Mas ele também não é o RPG mais original da nossa geração e nem consegue transformar todas as suas boas ideias em sistemas igualmente positivos. Porém existe algo nele que eu valorizo muito: vontade de fazer alguma coisa diferente dentro de uma fórmula extremamente conhecida, estabelecida e amada.
A Rebel Wolves poderia simplesmente ter criado mais um RPG medieval de mundo aberto. Em vez disso, colocou um vampiro no centro da experiência, criou uma campanha limitada pelo tempo, dividiu o protagonista entre duas naturezas e construiu uma história em que salvar quem você ama pode significar abrir mão daquilo que ainda resta da sua humanidade.
No fim, saí de The Blood of Dawnwalker querendo mais. Mais das escolhas. Mais da dualidade entre Coen humano e vampiro. Mais das consequências do relógio correndo.
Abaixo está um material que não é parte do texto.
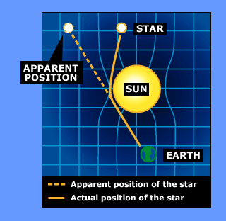 cerca de un cuerpo como el Sol tienen que desviarse cierto ángulo, lo cual
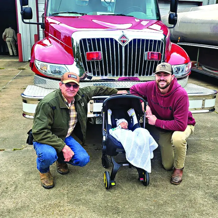 Oakland Fire Chief Rich Ross, left, was a teenager when he joined the department that his father helped organize in Oakland in the 1970s. Today, Rich’s son Bailey, right, is a firefighter and brought his 3-month-old son, Sadler, to the Appreciation Day activities in hopes of getting him started early in the volunteer process. (Photo by Linda Ross Aldy)
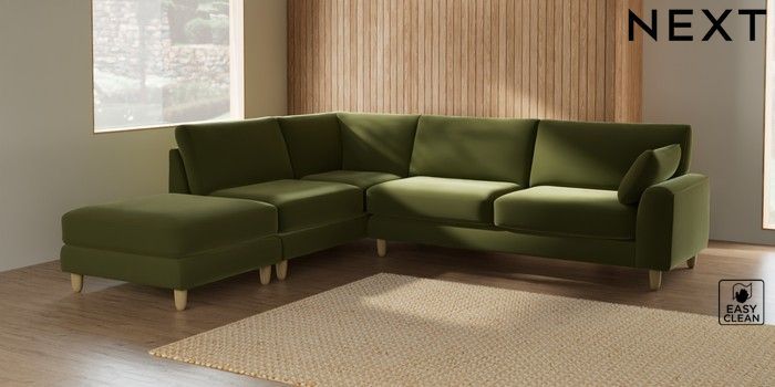 7.2.6 Buy Campbell Large Open End Corner Chaise - Left Hand Plush Velvet Easy Clean Mid Olive Green High Leg - Light from the Laura Ashley online shop Click here to use our website with more accessibility support, for example screen readers
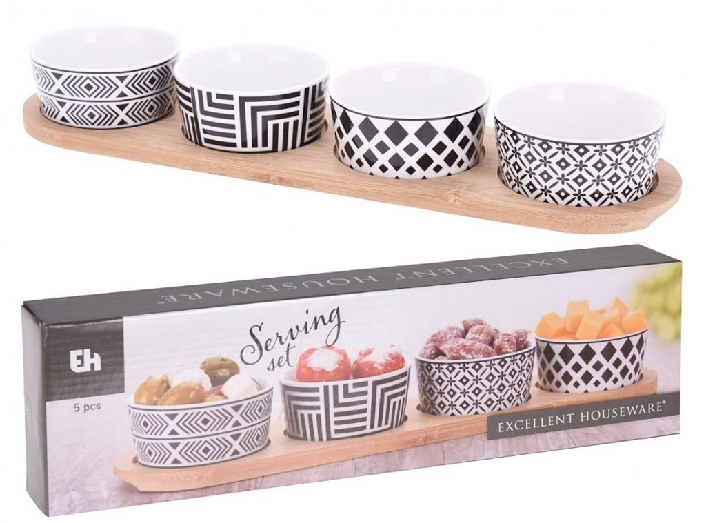 EXCELLENT HOUSEWARE Servírovací misky s podnosem sada 5 ks KO-278000220 - servírovací set vzorovaných misek a podnosu pro nejrůznější příležitosti- materiál: bílý porcelán s lesklou glazurou- podnos z bambusového dřeva s připravenými otvory pro misky, mističky díky tomu drží na místě- perfektní pro servírování předkrmů, pochutin, dipů a omáček- žáruvzdorné do 200 °C, misky lze využít také k zapékání- vhodné do myčky nádobí- sada obsahuje 4 kusy misek a podnos- rozměry jedné misky cca: 8,5 x 4 cm- rozměry podnosu: 38 x 10 cm
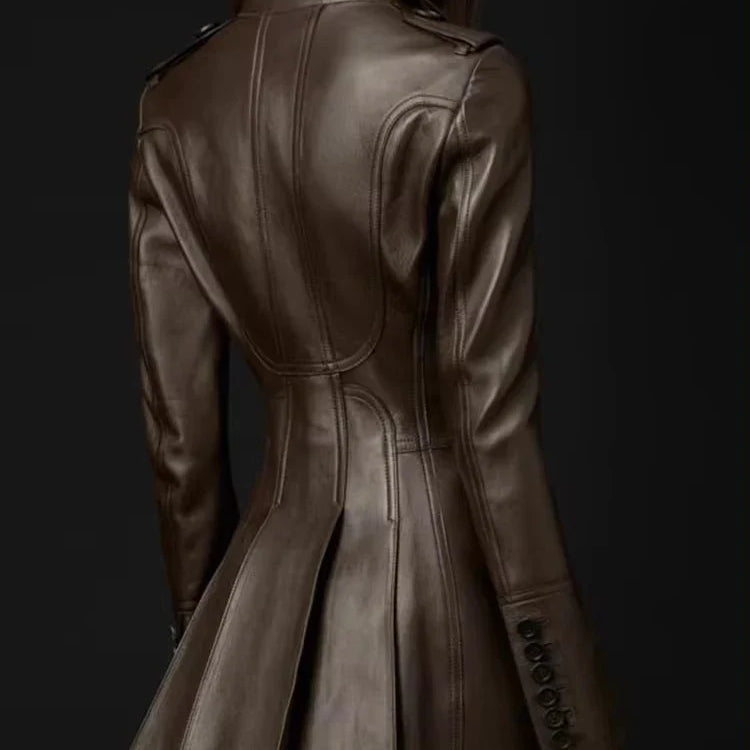 Blazer feminino de couro sintético com saia café e manga comprida, estilo trespassado, moda europeia
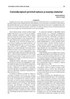 Consideraţiuni privind natura şi esenţa statului Speaking about the nature and essence of the state, we mention the existence of multiple theories, accompanied by a large number of definitions of it. State definitions are as numerous as contradictory, depending on the doctrine that share some or other authors. Speaking of state, first, we must see in it a political entity, established on a territory defined by borders, people whos the territory belongs, and an institutionalized power exercising sovereignty over the territory and over the rules of conduct.
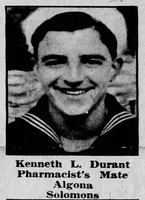 71k | Kenneth William Durant, the son of Solomon Raymond and Ida Minnie (Redemske) Durant, was born on 02 March 1919 in Algona, Kossuth County, Iowa. He enlisted in the Navy on
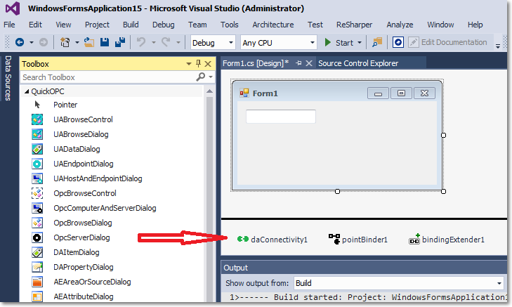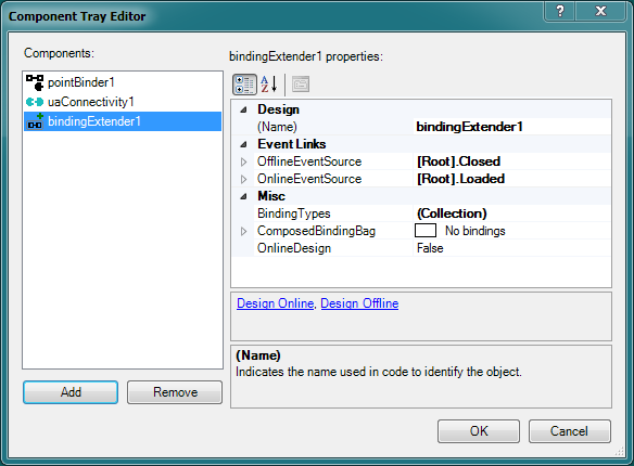 QuickOPC > Concepts > QuickOPC Development Models > Live Binding Model > Live Binding Model for OPC Data (Classic and UA) > Live Binding in the Designer > Component Tray
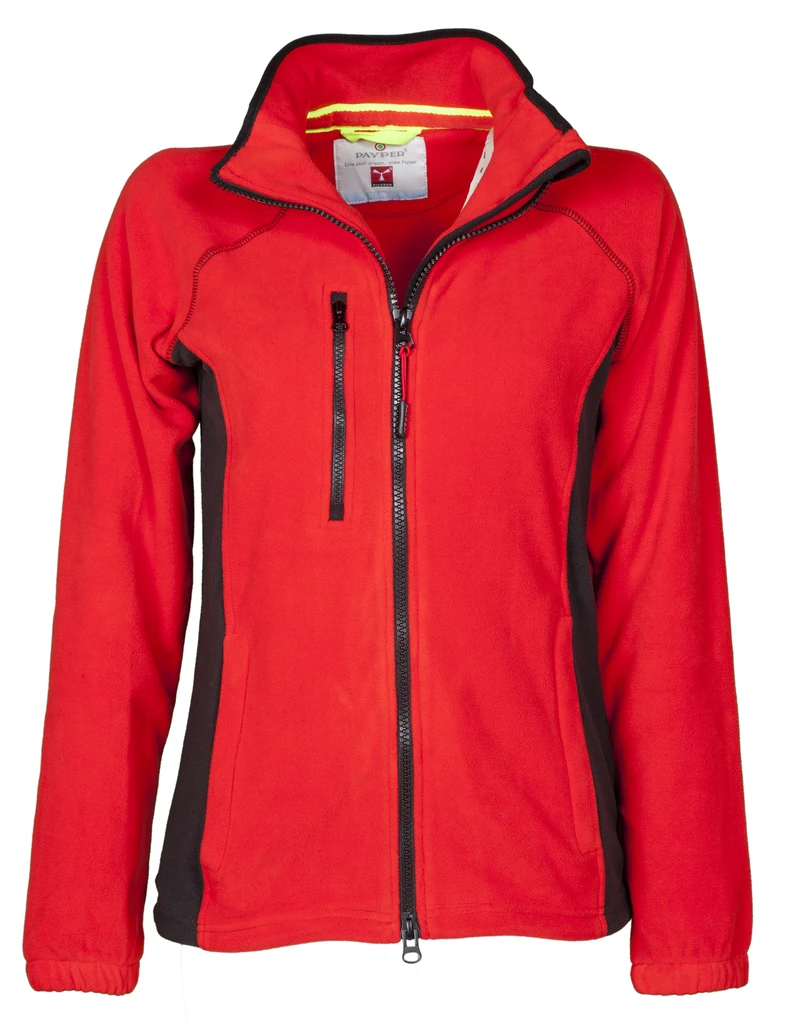 Černý plastový zip 8 mm široký, raglánové rukávy, stahovací šňůrka v pase, elastické manžety, 2 kapsy se skrytým zipem, 1 přední kapsa na hrudi, za krkem výztužná páska v kontrastní barvě, vyztužené švy

E, principalmente, mais das ideias que fazem o jogo deixar de parecer um RPG inspirado em outros para começar a parecer algo que só a Rebel Wolves poderia ter feito.
Talvez essa seja a melhor forma de definir The Blood of Dawnwalker: um jogo que ainda está descobrindo exatamente qual é a sua identidade, mas que possui uma base muito forte para sustentar uma possível nova franquia. Eu terminei a experiência com vontade de ver o que a Rebel Wolves pode fazer a seguir. E, para uma primeira tentativa, posso afirmar: eles não estão pra brincadeira.
Veredito Gamers & Games:
8.6
/ 10
“The Blood of Dawnwalker apresenta uma experiência sólida, com narrativa, escolhas e uma interessante dualidade entre humano e vampiro. Apesar das referências evidentes a outros RPGs, do combate que poderia evoluir e de problemas técnicos, suas boas ideias mostram o potencial da Rebel Wolves para construir uma nova franquia.”